■ Exercise directions
Go through the following data and transcribe exactly the stretch of lines from the one holding "I tried to connect" to the one holding "In the Upper", both included.

** Opening Information provided block **

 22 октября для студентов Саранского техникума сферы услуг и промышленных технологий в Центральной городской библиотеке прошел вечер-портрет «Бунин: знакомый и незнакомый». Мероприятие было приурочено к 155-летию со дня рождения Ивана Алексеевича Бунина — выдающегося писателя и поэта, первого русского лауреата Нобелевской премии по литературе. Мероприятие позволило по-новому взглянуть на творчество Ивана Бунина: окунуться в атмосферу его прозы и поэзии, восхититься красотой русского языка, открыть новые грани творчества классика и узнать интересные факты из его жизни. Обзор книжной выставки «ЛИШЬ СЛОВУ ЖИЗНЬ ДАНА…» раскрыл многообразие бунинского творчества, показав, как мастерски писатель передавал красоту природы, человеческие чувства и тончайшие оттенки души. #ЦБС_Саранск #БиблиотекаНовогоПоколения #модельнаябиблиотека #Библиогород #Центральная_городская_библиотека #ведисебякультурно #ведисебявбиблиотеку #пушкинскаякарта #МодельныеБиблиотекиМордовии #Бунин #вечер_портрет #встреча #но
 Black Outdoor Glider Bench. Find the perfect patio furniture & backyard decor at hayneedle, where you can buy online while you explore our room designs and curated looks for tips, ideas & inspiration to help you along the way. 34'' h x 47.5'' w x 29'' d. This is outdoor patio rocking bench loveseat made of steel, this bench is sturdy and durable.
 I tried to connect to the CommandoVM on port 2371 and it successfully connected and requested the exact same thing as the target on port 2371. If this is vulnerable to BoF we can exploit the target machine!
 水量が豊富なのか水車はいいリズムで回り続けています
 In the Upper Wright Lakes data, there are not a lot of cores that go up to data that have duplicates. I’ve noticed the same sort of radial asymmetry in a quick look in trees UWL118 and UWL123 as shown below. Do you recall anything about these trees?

** Closing Information provided block **
** Opening Information provided block **

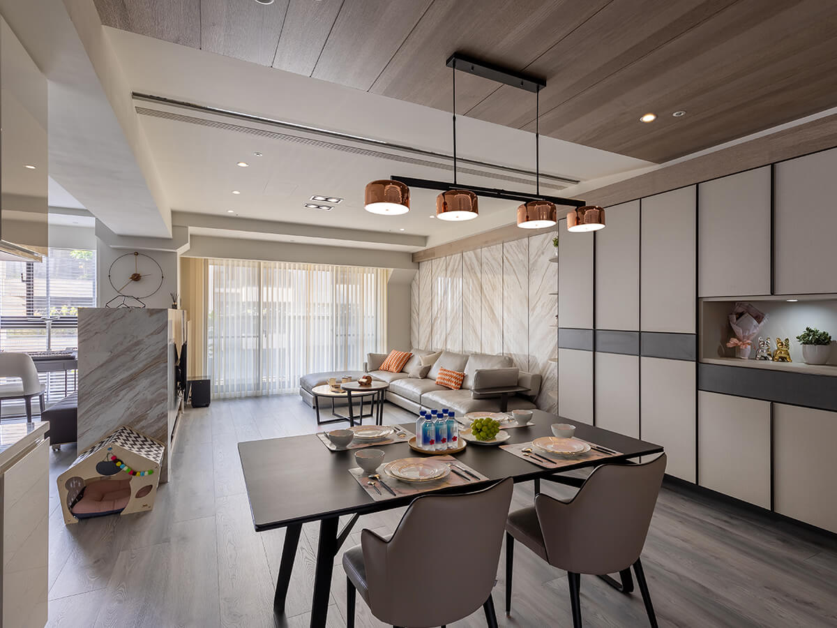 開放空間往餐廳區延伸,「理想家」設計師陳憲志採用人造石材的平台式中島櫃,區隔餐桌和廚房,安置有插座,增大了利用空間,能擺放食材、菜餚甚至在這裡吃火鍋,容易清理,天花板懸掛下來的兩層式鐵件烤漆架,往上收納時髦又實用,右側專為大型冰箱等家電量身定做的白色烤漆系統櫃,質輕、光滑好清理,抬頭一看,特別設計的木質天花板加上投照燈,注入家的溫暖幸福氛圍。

** Closing Information provided block **
** Opening Information provided block **

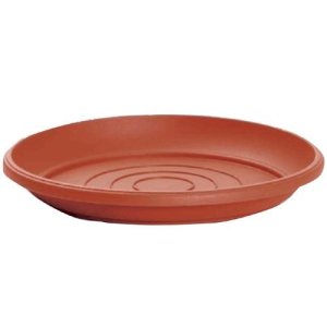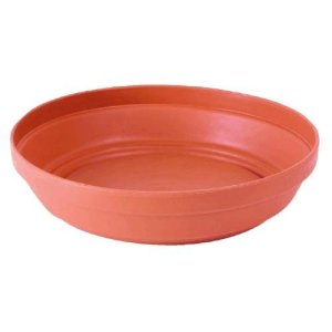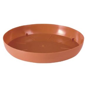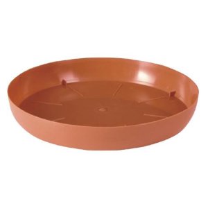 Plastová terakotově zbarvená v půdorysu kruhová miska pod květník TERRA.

** Closing Information provided block **

■ Task answer
 I tried to connect to the CommandoVM on port 2371 and it successfully connected and requested the exact same thing as the target on port 2371. If this is vulnerable to BoF we can exploit the target machine!
 水量が豊富なのか水車はいいリズムで回り続けています
 In the Upper Wright Lakes data, there are not a lot of cores that go up to data that have duplicates. I’ve noticed the same sort of radial asymmetry in a quick look in trees UWL118 and UWL123 as shown below. Do you recall anything about these trees?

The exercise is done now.